Duchenne and Becker muscular dystrophy are genetic causes of DCM but were not mentioned.
Iron overload cardiomyopathy
This can be as a result of hereditary hemochromatosis or chronic transfusions or iron infusions. Screening for iron overload is recommended in the evaluation of new cases of DCM although by the time DCM presents due to iron overload it may be too late for disease specific treatment to be beneficial.

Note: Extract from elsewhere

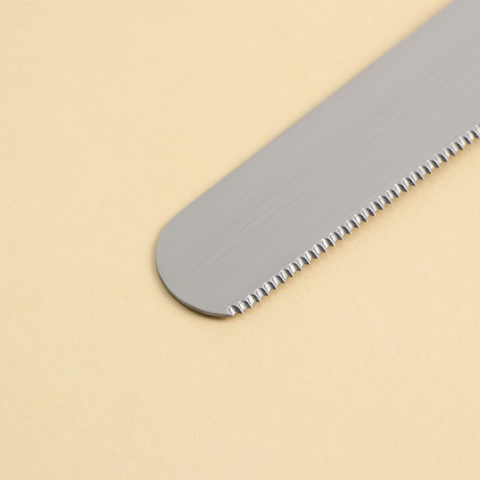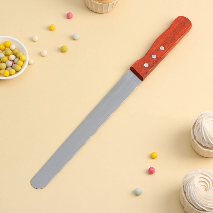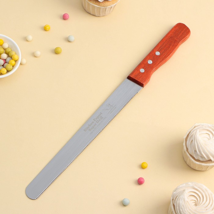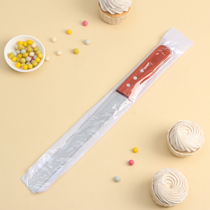 Габариты: 37 x 3 x 1 Страна: Китай В боксе: 288 шт Состав: Дерево, нержавеющая сталь Материалы: дерево, нержавеющая сталь Фасовка: по 1 шт Индивидуальная упаковка: ПВХ-чехол Габариты товара: 37,5 см × 3 см × 1,5 см Сертификат: РСТ Набор: Нет Цвет: Коричневый Количество лезвий: 1 Длина лезвия, см: 25 Материал ручки: Дерево Материал: Нержавеющая сталь Материал лезвия: Нержавеющая сталь Назначение: Для бисквита Ребристое лезвие: Да Нарезка бисквита — занятие куда более хлопотное, чем кажется. Его рыхлая структура делает применение стандартного кухонного ножа неоправданным: кулинарный шедевр, на приготовление которого было затрачено столько продуктов, сил и времени, будет крошиться и потеряет аппетитный вид. Выбора профессионала — специальный нож для бисквита. Преимущества:
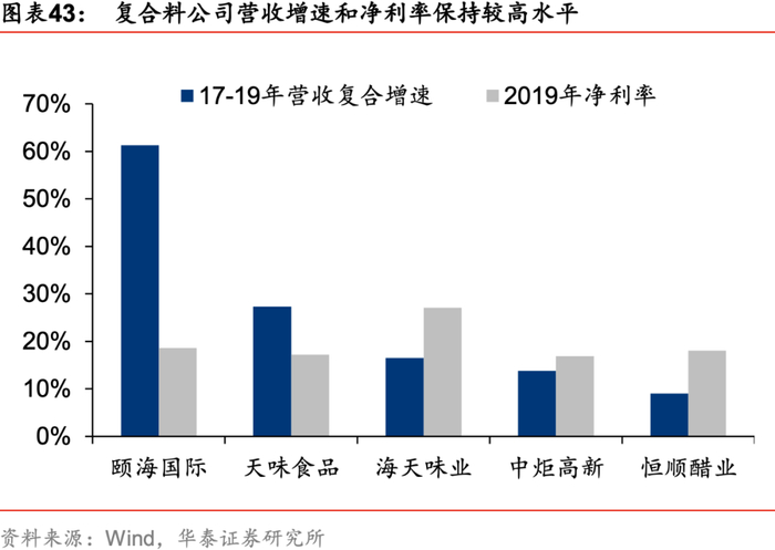 2)新兴品类:具备较大渗透率提升空间的复合调味料品类成长性较好,高端化和复合化将继续推动调味品行业增长。

Although this category is included in a review of DCM, it presents initially as a restrictive CM. From the paper:
The diagnosis of hypereosinophilic syndrome is made in the presence of eosinophils greater than 1500/μL..Echocardiography and MRI can be helpful in the diagnosis of eosinophilic myocarditis; however, myocardial biopsy remains the gold standard. After diagnosis, evaluation for secondary causes is essential.. If hypereosinophilic syndrome is suspected, a hematology consultation is warranted.. Corticosteroid therapy is generally considered primary therapy for eosinophilic myocarditis, but its efficacy is not well supported.